But the explorer's acclaim was short-lived. Five days after Cook's triumphant emergence from the Arctic, his rival Robert E. Peary cabled from Labrador to say that he alone had stood at 90 degrees north and that Cook was a fraud. "He has not been to the Pole on April 21st, 1908, or at any other time," Peary told The New York Times. "He has simply handed the public a gold brick." When Cook, who said he had entrusted his field notes and instruments to a wandering sportsman in northernmost Greenland, failed to produce sufficient navigational proof of his feat, some newspapers branded Cook "the North Pole Swindler."

Peary, who had succeeded Cook as president of the Explorers Club, went on to use the club's clout and his ties to the Times and the National Geographic Society, to disparage Cook's 1906 claim to the first ascent of Mt. McKinley, North America's highest peak.
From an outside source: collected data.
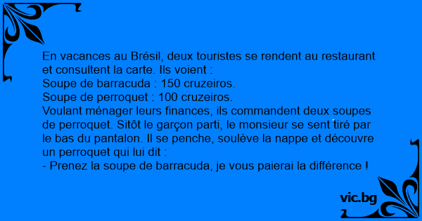 Voulant ménager leurs finances, ils commandent deux soupes de perroquet. Sitôt le garçon parti, le monsieur se sent tiré par le bas du pantalon. Il se penche, soulève la nappe et découvre un perroquet qui lui dit :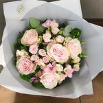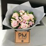 Say Wow! with Mamma Mia, a beautifully handcrafted bouquet that captures the soft romance and grace of pastel blooms. This charming arrangement features large-headed pink roses, dainty pink spray roses, and delicate lisianthus, all artfully nestled in lush seasonal foliage and presented in a sleek signature PM Flowers gift box. Its delicate hues of blush and soft green make it a versatile floral gift that’s perfect for birthdays, thank-yous, anniversaries, or just because. It’s a timeless expression of affection and beauty in every bloom. Care Instructions: To keep your Mamma Mia bouquet fresh, keep it in a cool place away from direct sunlight, heaters, or drafts. If displayed with water, refresh the water daily and trim stems at a diagonal every 2 days. Remove any fading blooms or leaves for a long-lasting, pristine appearance.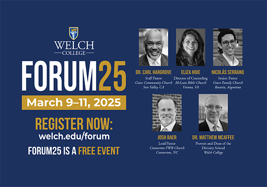 Welch College will host the annual Forum25 conference March 9-11, 2025. Speakers will include Dr. Carl Hargrove, staff pastor at Grace Community Church in Sun Valley, California; Eliza Huie, director of counseling at McLean Bible Church in Vienna, Virginia; Nicolas Serrano, senior pastor of Grace Family Church in Rosaria, Argentina; Josh Baer, pastor of Cramerton FWB Church in Cramerton, North Carolina; and Welch Provost Dr. Matthew McAffee.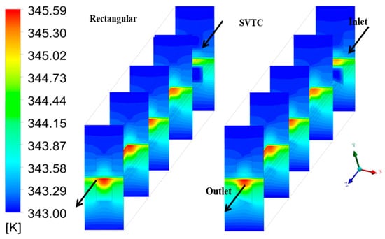 The results presented in Figure 4 and Figure 5 clearly demonstrate the superior performance of the SVTC design compared to the rectangular channel configuration in a PEMFC.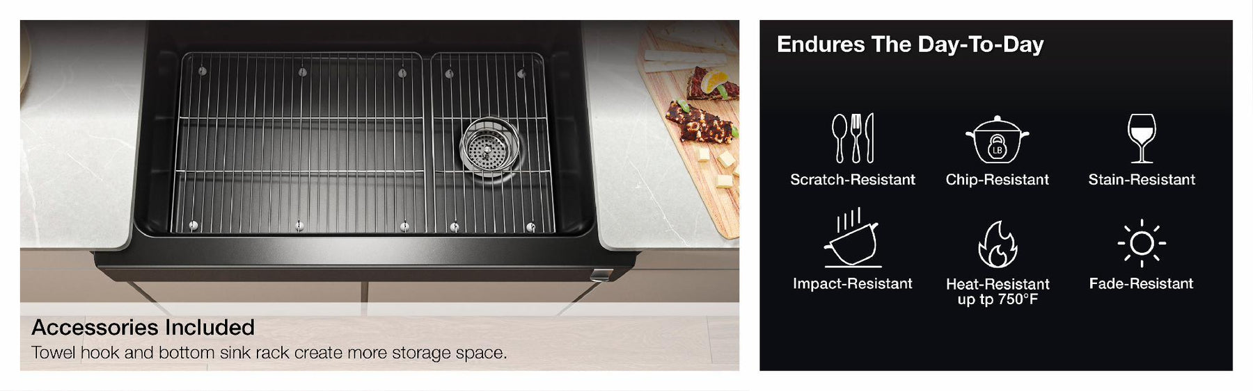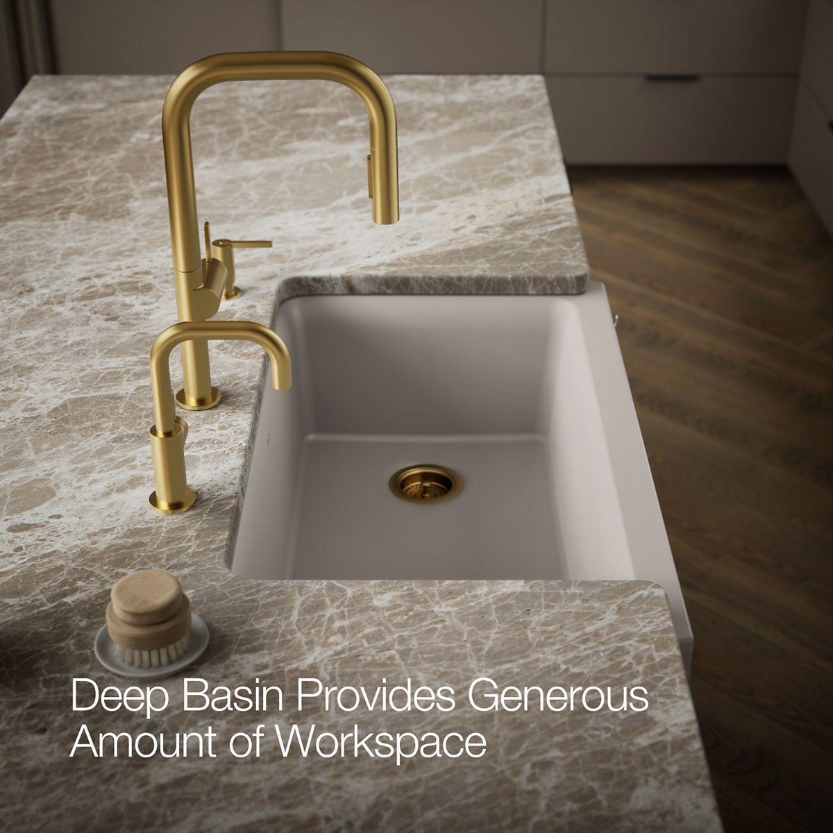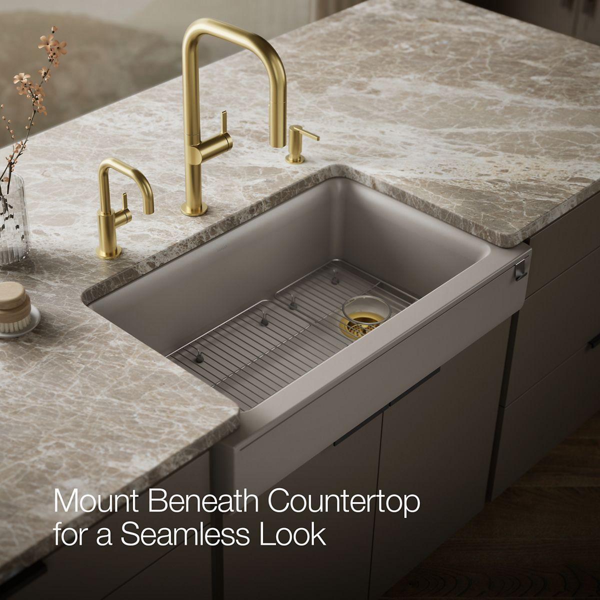 With soft French curves, the Cairn kitchen sink offers transitional style to suit contemporary and traditional kitchens alike. Cairn is made of KOHLER Neoroc, a matte-finish composite material designed for extreme durability and unmatched beauty. Richly colored to complement any countertop, Neoroc resists scratches, stains, and fading, and is highly heat- and impact-resistant. The Self-Trimming apron design makes it easy to retrofit existing 36 cabinetry that has a false drawer front, requiring only a simple rough cut.

The world had long since dismissed Cook as a charlatan when in 1923, a Fort Worth judge sentenced Cook to 14 years and nine months in prison for fraudulently promoting oil stocks. "Time will bear out claims that I have for myself," Cook told reporters after he was paroled in 1930. "Time, and a final examination of the records." A measure of vindication came when President Franklin D. Roosevelt pardoned Cook after he suffered a stroke in 1940. "Great...happy," the 75-year-old Cook uttered upon seeing the certificate. Then he sank into a coma and died three months later.

The controversy over Cook's claim to having reached the Pole still smolders among armchair explorers. Five decades after his death, the Frederick A. Cook Society, a group of 130 members based in Hurleyville, N.Y., is working to rehabilitate the explorer's reputation. A breakthrough occurred in 1984, when the Peary family authorized the National Archives to take restrictions off private documents that cast doubt on Peary's claims regarding the polar controversy. Peary's expedition diary, for example, contained no record of the 30 hours he allegedly spent at the Pole. Even the National Geographic Society, Peary's sponsor and steadfast advocate, acknowledged the explorer's "astonishingly slack" navigation in a skeptical 1988 assessment of Peary's papers by Wally Herbert, an explorer who traveled by dogsled across the Arctic Ocean terrain in 1968-69.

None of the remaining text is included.